Moving from early adopters to the mass market is the fundamental key to a product’s success — and that’s where marketing comes in. Just look at how much car companies spend on marketing. Similarly in tech, Samsung and Apple are leading the charge; they’re both companies who spend and focus quite a bit on marketing.

We also have to understand that the demand also catches up with technological limits. Many of the things I’ve seen in labs that I think can lead to the next round of innovation for smartphones and tablets — things like flexible displays, new semiconductor process technology, battery science, and others — are still years away for being ready for mass commercialization. This is why during certain cycles, we should simply expect hardware that’s more evolutionary than revolutionary.

This is the cycle we find ourselves in. As the mass market begins adopting new technology, marketing matters more than innovation right now. In my opinion, these cycles will happen much faster than before. Just look at the iPad: It’s the most quickly adopted consumer electronics device in history, selling more than 100 million units in just three years. The market will move from innovation to mass commercialization in three- to four-year cycles rather than 10-year cycles like before. The impact of this new adoption cycle shift will cause chaos for the companies who do not understand it and make adjustments. Anticipating and adapting to market changes will be critical for any companies hoping to live the next 10 years and beyond.

Bajarin is a principal at Creative Strategies Inc., a technology industry analysis and market-intelligence firm in Silicon Valley. He contributes to the Big Picture opinion column that appears here every week.

1 comments
ZainiChia
ZainiChia

I agree very much that very careful timing, and understanding of the market, is very very important for companies. But I think I see it a bit differently.

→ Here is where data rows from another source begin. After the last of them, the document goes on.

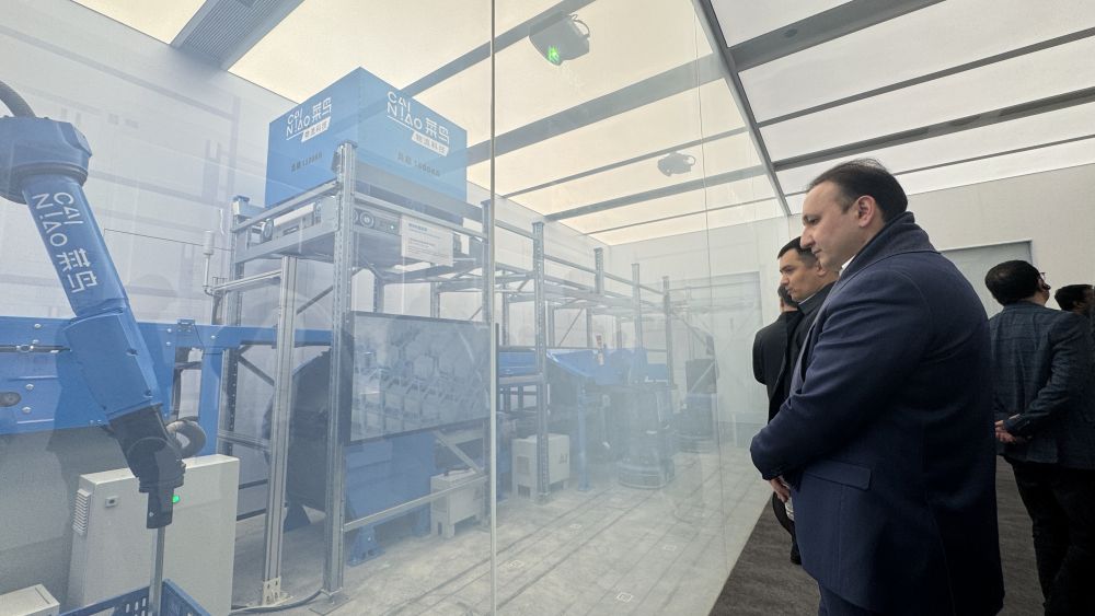 12月13日,協(xié)調(diào)員參觀菜鳥集團(tuán)的智能物流設(shè)備。新華社記者 段菁菁 攝
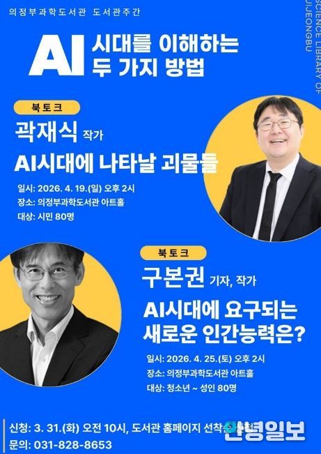 안녕일보 배윤 기자 | 의정부과학도서관은 ‘제62회 도서관주간’과 ‘제4회 도서관의 날’을 맞아 4월 19일부터 30일까지 ‘AI 시대를 이해하는 두 가지 방법’을 주제로 시민 대상 작가 북토크를 개최한다.
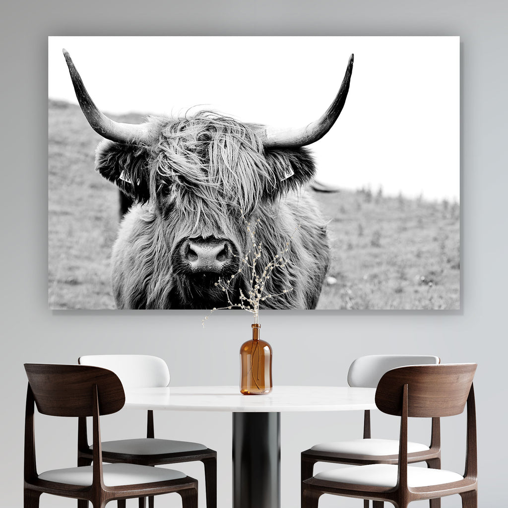 Auf der Suche nach einem ausgefallenen Wandbild als Leinwandbild? Das Motiv Hochlandrind Schwarz Weiß im Querformat gefällt dir und du hast nach Wandbildern mit den Wörtern Schottland, Hochlandrind, Kuh, Tiere, Rinder, Highland, Weide, Skandinavisch, Hochland Rind, Rind und Highland Rind gesucht? Dann ist dieses Leinwandbild in der Farbe Schwarz-Weiß genau das richtige Wandbild und Dekorelement für dich! Setze ein Highlight an deiner Wand! Das Leinwandbild Hochlandrind Schwarz Weiß ist in 5 verschiedenen Größen verfügbar, von klein und dezent bis hin zum XXL Leinwandbild.
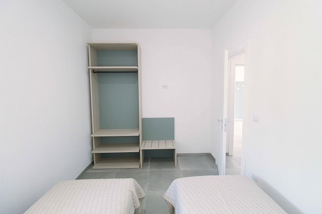 appartamento con aria condionata e tv, ampia area giorno con angolo cottura ben attrezzato, un divano letto doppio, camera da letto matrimoniale, cameretta composta da due letti singoli, bagno con box doccia, veranda antistante l’entrata dell’appartamento e di un balconcino/patio retrostante attrezzato. Arredati in modo semplice e funzionale.
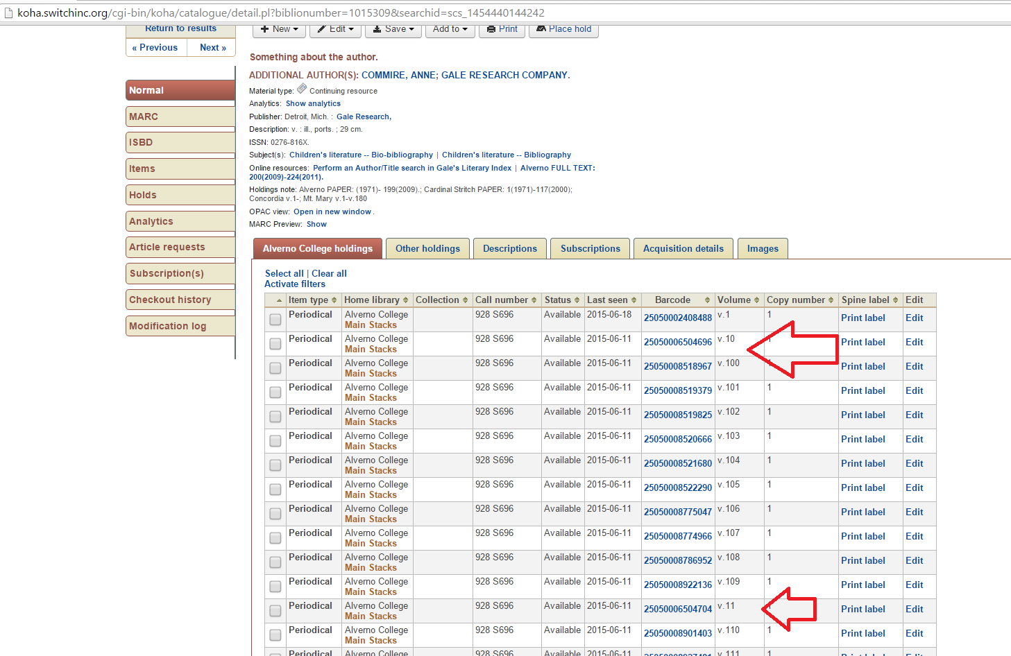 This is a pet peeve of mine. If a missed serial is donated at a later date, I never get to see my serials in sequential order, because sorting by Vol replicates what is seen above, while sorting by call number alphabetizes them so all Aprils (regardless of year) are before all the Novembers. The only way they are in order is if my barcodes are in order; that only happens if no issues are missed or go walking.

The iPhone as a truly new and revolutionary concept, came in 2007; when the current 'concepts' of cellphones could not be improved any further. Since then, everything has been pretty evolutionary; pushing the original concept to its limits, while trying to get as many people to get on board with the technology as possible. Same goes for the iPad.

That's how I think these cycles of innovation works. What Apple has done (almost like clockwork) is to come up with a revolutionary concept/idea, which engages a critical mass of buyers/supporters; and then from then on, keep pushing that original concept to its limits, and get as many people on board as possible. The critical mass, I think, is the most important part of the cycle. New ideas/products need that first start in order to be successful; yet that alone, if not followed by unrelenting pushing of the technology forward, will not be enough. Both is needed to attain success.

There are many companies who have failed to do/understand this, and that's the problem I feel. When things have plateaued, they don't try and look for new grounds to break (eg, microsoft; they could have been the first movers for mobile tech, but were too happy with their PC monopoly).

And when the time comes to buckle down and focus on the little, evolutionary details, they try to come up with big changes instead. Case in point: instead of trying to make a good Windows 8 tablet, everyone is trying to come up with hybrids instead. As of right now, there is still no good windows standalone TABLET; one that competes directly with the iPad.